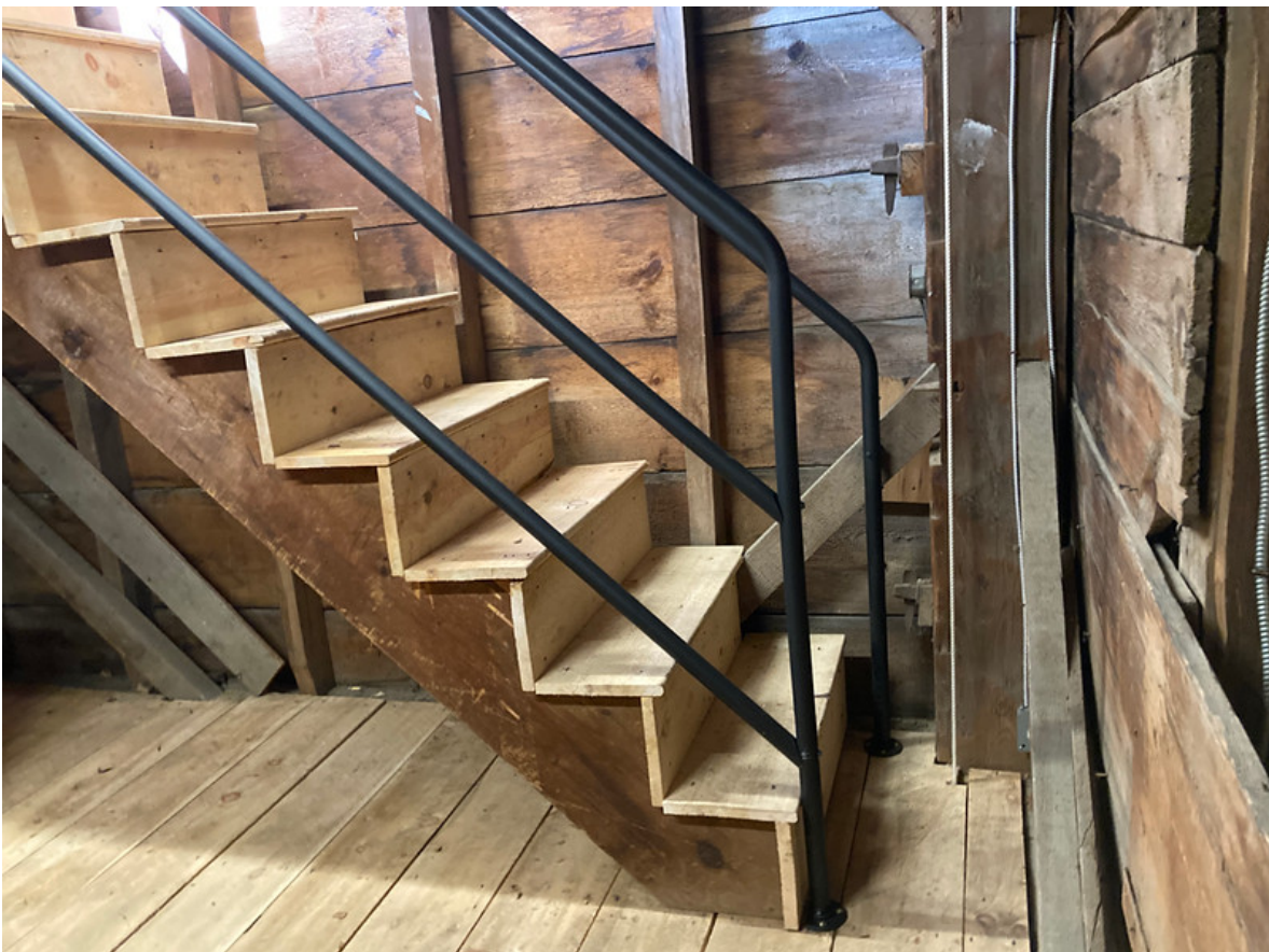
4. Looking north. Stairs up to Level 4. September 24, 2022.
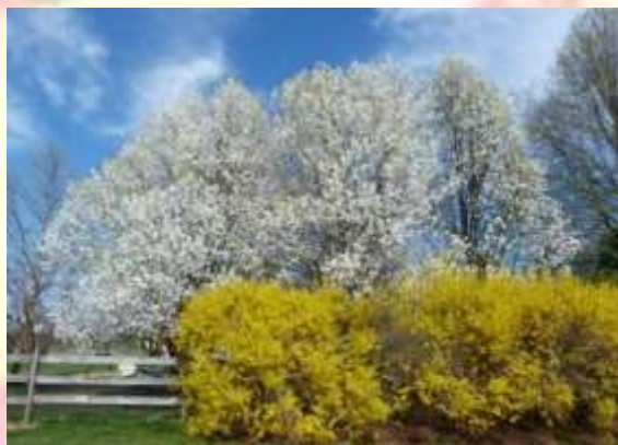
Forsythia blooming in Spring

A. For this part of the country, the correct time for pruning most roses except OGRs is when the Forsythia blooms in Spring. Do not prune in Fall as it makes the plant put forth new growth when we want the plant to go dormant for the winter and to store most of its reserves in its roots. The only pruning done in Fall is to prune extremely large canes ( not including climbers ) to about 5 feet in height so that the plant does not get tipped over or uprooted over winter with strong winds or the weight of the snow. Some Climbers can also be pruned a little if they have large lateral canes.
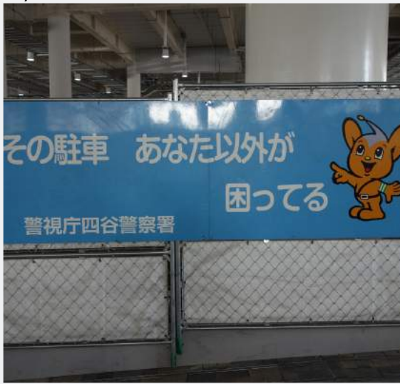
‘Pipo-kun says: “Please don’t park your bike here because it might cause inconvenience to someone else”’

---

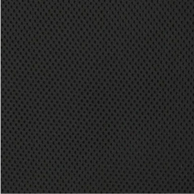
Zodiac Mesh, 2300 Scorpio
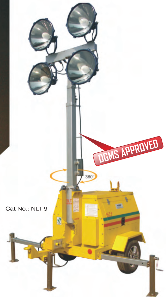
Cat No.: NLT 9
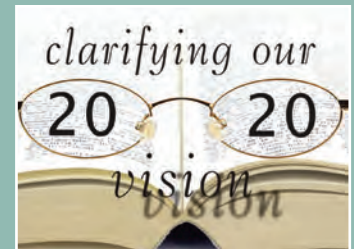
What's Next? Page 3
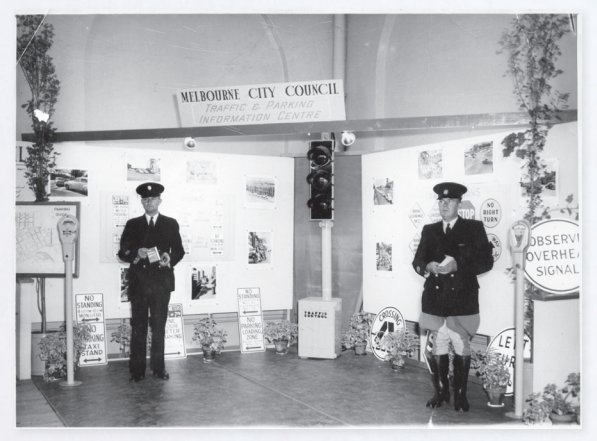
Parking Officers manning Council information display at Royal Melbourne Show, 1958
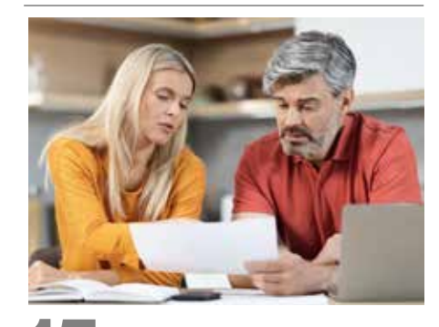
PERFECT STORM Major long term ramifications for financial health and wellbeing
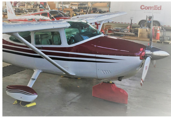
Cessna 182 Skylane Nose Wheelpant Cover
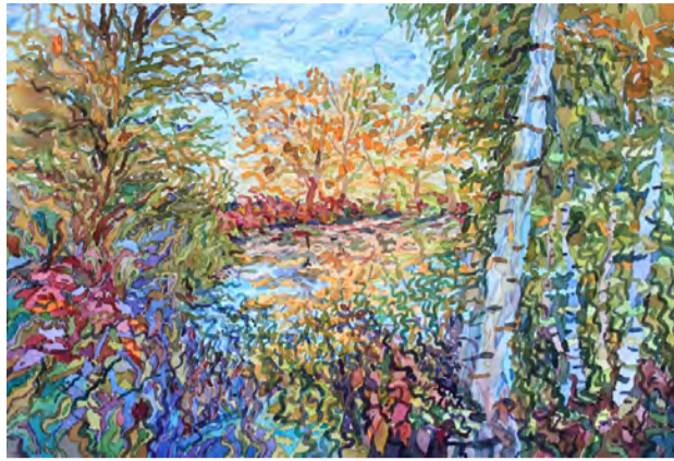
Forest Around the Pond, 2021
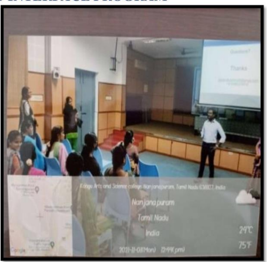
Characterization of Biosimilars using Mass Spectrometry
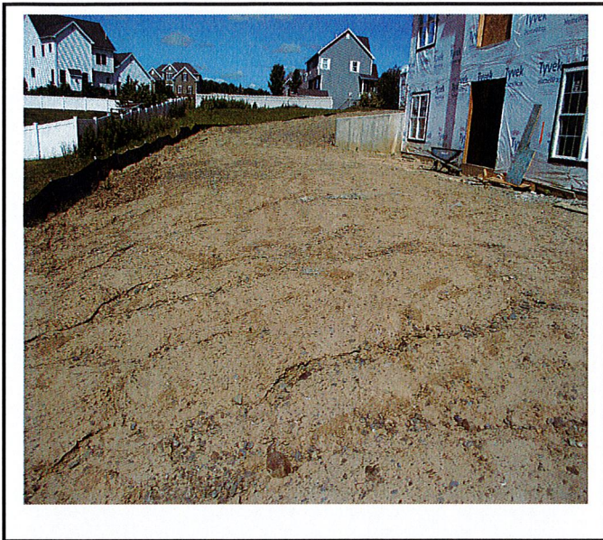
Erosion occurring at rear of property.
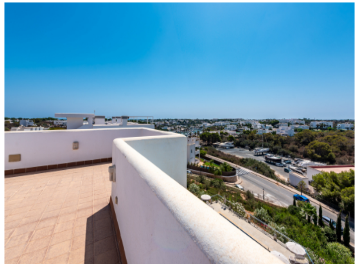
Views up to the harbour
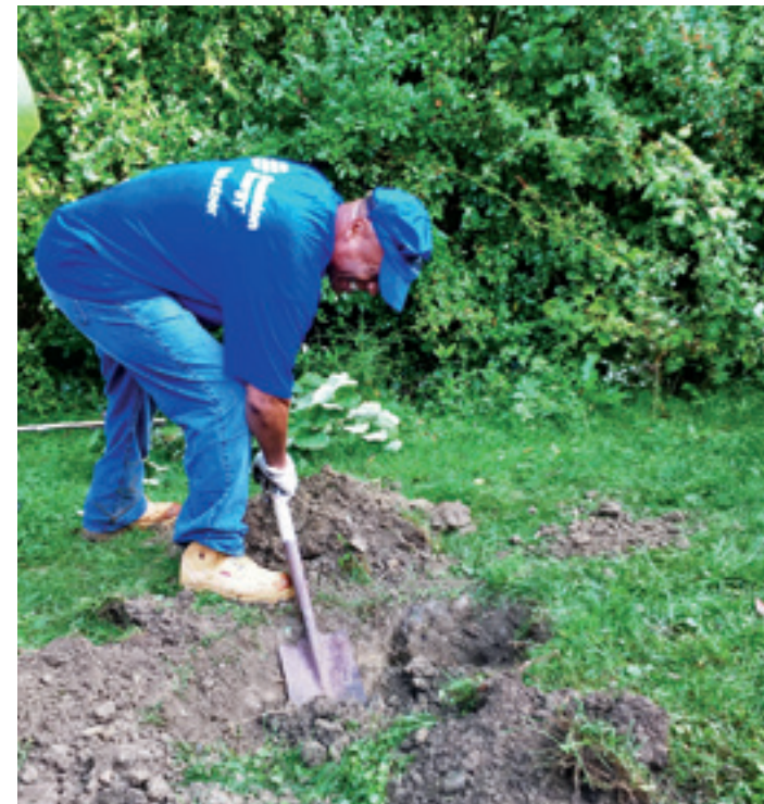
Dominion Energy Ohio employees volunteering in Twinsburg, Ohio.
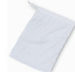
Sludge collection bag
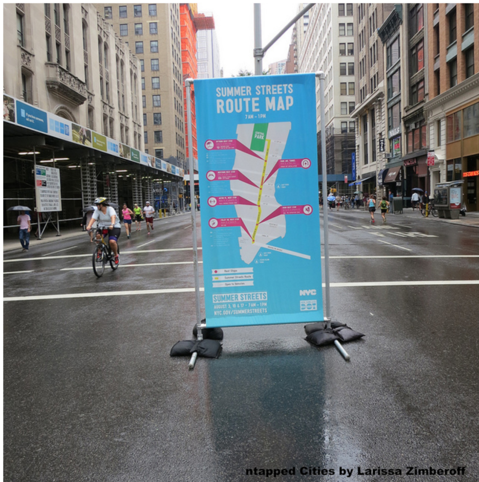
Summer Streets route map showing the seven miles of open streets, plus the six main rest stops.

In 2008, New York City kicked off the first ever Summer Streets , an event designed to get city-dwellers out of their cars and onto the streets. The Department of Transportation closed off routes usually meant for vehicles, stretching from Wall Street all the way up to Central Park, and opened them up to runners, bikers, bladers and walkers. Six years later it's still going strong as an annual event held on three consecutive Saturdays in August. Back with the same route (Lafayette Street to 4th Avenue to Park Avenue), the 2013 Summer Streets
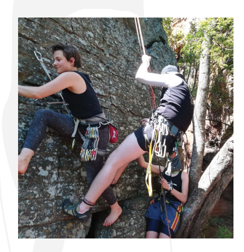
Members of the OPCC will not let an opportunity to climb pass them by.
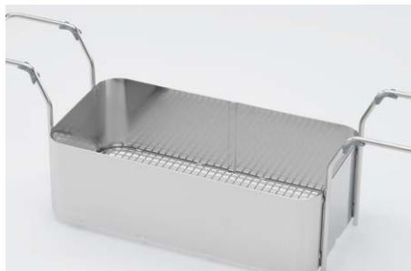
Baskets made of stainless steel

* **EXERCISE INSTRUCTIONS**
Copy only what lies between the line with "Cessna 182 Skylane Nose Wheelpant Cover" and the line with "Baskets made of stainless steel", those two lines included, exactly as given above; pictures stay out.

* **SOLUTION BELOW**
Cessna 182 Skylane Nose Wheelpant Cover
Forest Around the Pond, 2021
Characterization of Biosimilars using Mass Spectrometry
Erosion occurring at rear of property.
Views up to the harbour
Dominion Energy Ohio employees volunteering in Twinsburg, Ohio.
Sludge collection bag
Summer Streets route map showing the seven miles of open streets, plus the six main rest stops.

In 2008, New York City kicked off the first ever Summer Streets , an event designed to get city-dwellers out of their cars and onto the streets. The Department of Transportation closed off routes usually meant for vehicles, stretching from Wall Street all the way up to Central Park, and opened them up to runners, bikers, bladers and walkers. Six years later it's still going strong as an annual event held on three consecutive Saturdays in August. Back with the same route (Lafayette Street to 4th Avenue to Park Avenue), the 2013 Summer Streets
Members of the OPCC will not let an opportunity to climb pass them by.
Baskets made of stainless steel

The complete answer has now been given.